Austedo is considered a vesicular monoamine transporter 2 (VMAT2) inhibitor. It reversibly modifies the action of dopamine, serotonin, norepinephrine, and histamine, which are neurotransmitters in the brain. 

Austedo is used to treat chorea

Kerri Setch / Getty Images


Chorea Associated with Huntington's Disease

Austedo is approved for the treatment of chorea associated with Huntington’s disease. This medication is used to control chorea, but it does not cure, reverse, or stop the progression of Huntington’s disease or any other condition. If you stop taking Austedo, symptoms of chorea are expected to return. 

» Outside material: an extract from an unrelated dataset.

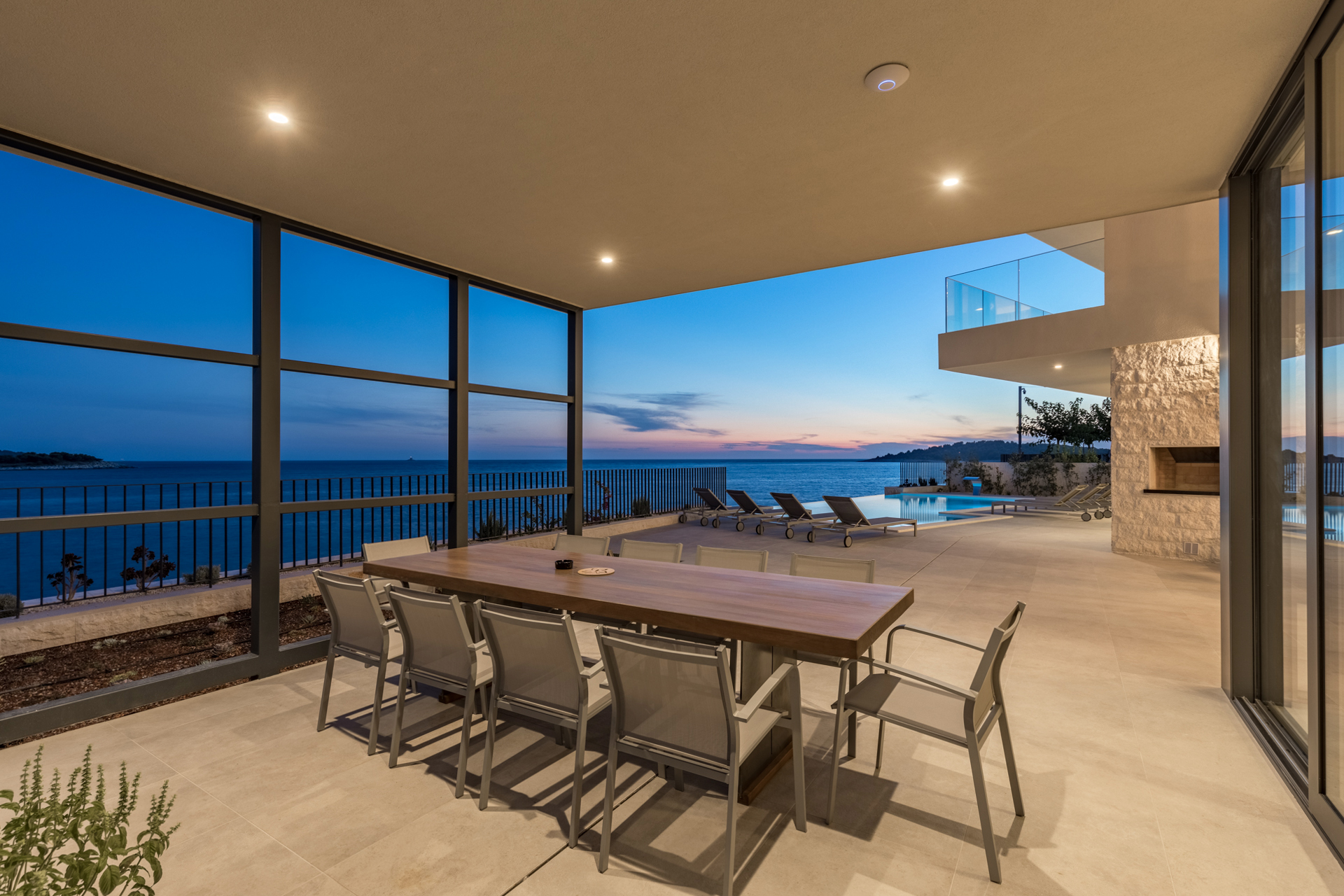 The outdoor area of Villa Valiosa is designed for ultimate enjoyment. A 55 m² saltwater infinity pool with a waterfall, integrated massage jets, and pool heating invites guests to unwind while admiring the panoramic sea views. Around the pool, guests can relax on comfortable sun loungers, enjoy a drink in the outdoor seating area, or prepare meals in the fully equipped barbecue area. The large outdoor dining table is perfect for family gatherings and dinners under the Mediterranean sky.

Chorea is a type of recurrent, irregular, abrupt involuntary movement that can affect any part of the body. Generally, chorea is painless, but it is visibly noticeable. Huntington’s disease is a hereditary neurodegenerative condition, and chorea is one of its most prominent symptoms

Chorea in Huntington’s disease is associated with abnormalities of neurotransmitter activity in the basal ganglia and thalamus—areas of the brain that regulate movement. Austedo is believed to reduce chorea as a result of its effects on neurotransmitter activity.

Tardive Dyskinesia

Austedo is also approved by the FDA to treat tardive dyskinesia, a movement disorder that occurs as a side effect of antipsychotic medications. Tardive dyskinesia can appear similar to chorea. Like chorea, tardive dyskinesia is associated with changes in neurotransmitter function in the basal ganglia. 

The involuntary movements associated with tardive dyskinesia are most common in the face and the mouth. In one clinical study, those treated with Austedo saw a reduction in their AIMS (abnormal involuntary movement scale) scores by 3.3 points compared to 1.4 points in those taking a placebo.

Before Taking 

Before your healthcare provider prescribes Austedo for you, you will have a complete history and physical examination.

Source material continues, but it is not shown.